## What to work on
Your answer should hold the data exactly as given, minus any picture.

## Raw data
========================

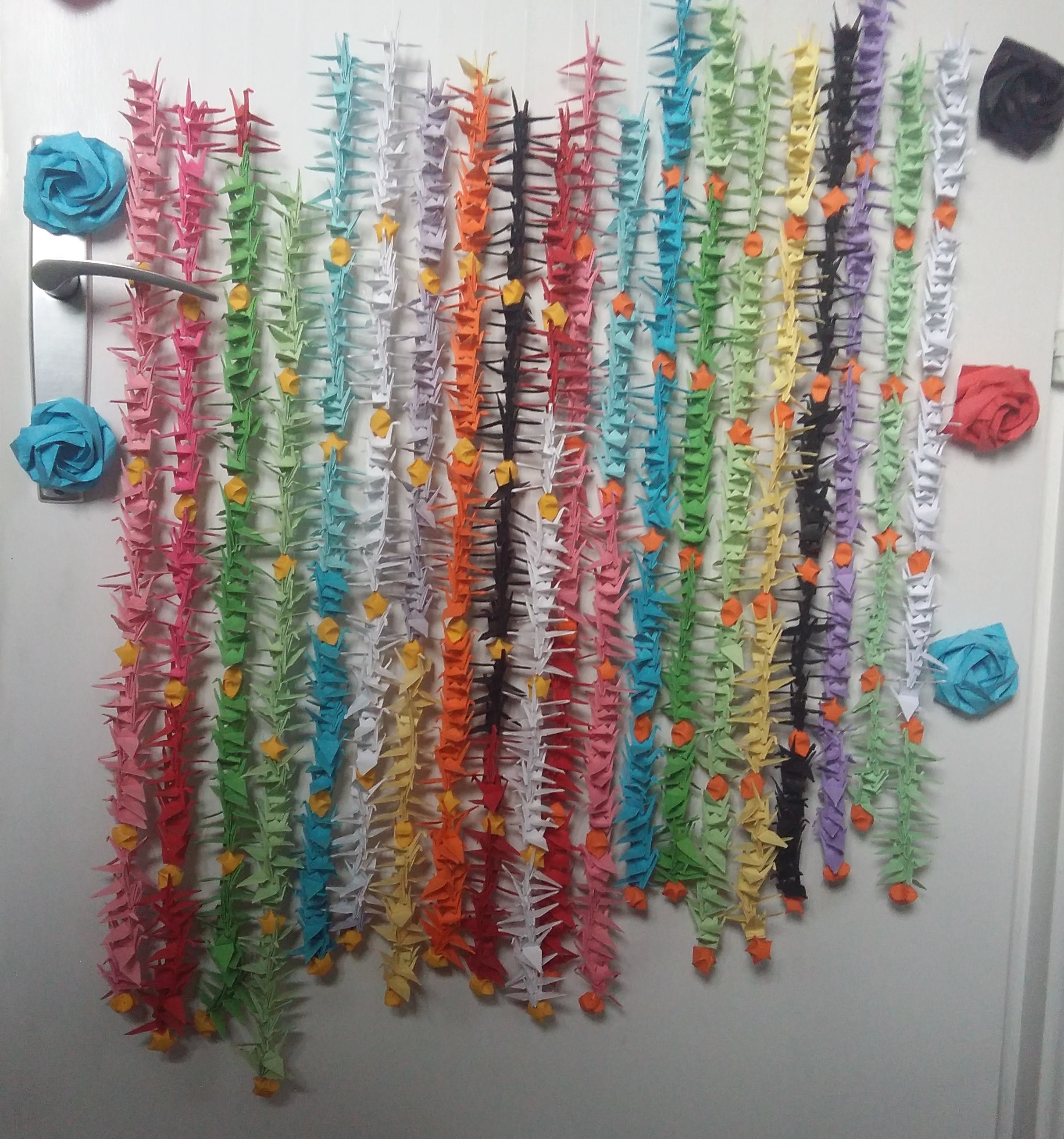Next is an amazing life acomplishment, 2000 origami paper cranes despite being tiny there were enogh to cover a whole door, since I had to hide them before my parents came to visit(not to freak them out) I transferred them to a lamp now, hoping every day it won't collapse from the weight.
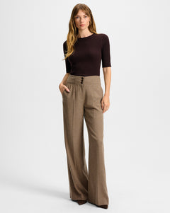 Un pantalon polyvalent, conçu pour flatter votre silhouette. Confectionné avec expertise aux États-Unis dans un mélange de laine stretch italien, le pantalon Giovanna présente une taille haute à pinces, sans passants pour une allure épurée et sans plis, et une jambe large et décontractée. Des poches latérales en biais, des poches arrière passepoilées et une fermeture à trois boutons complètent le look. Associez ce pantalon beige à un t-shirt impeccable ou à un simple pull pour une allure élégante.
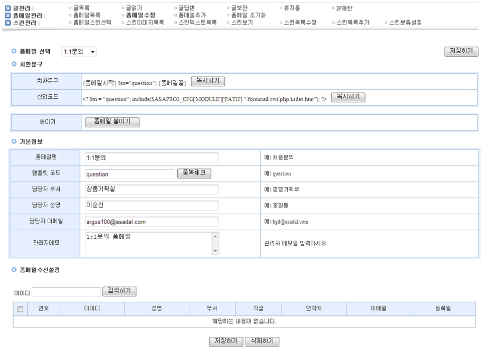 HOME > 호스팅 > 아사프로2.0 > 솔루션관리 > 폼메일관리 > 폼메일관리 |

========================

## Task answer
Next is an amazing life acomplishment, 2000 origami paper cranes despite being tiny there were enogh to cover a whole door, since I had to hide them before my parents came to visit(not to freak them out) I transferred them to a lamp now, hoping every day it won't collapse from the weight.
 Un pantalon polyvalent, conçu pour flatter votre silhouette. Confectionné avec expertise aux États-Unis dans un mélange de laine stretch italien, le pantalon Giovanna présente une taille haute à pinces, sans passants pour une allure épurée et sans plis, et une jambe large et décontractée. Des poches latérales en biais, des poches arrière passepoilées et une fermeture à trois boutons complètent le look. Associez ce pantalon beige à un t-shirt impeccable ou à un simple pull pour une allure élégante.
 HOME > 호스팅 > 아사프로2.0 > 솔루션관리 > 폼메일관리 > 폼메일관리 |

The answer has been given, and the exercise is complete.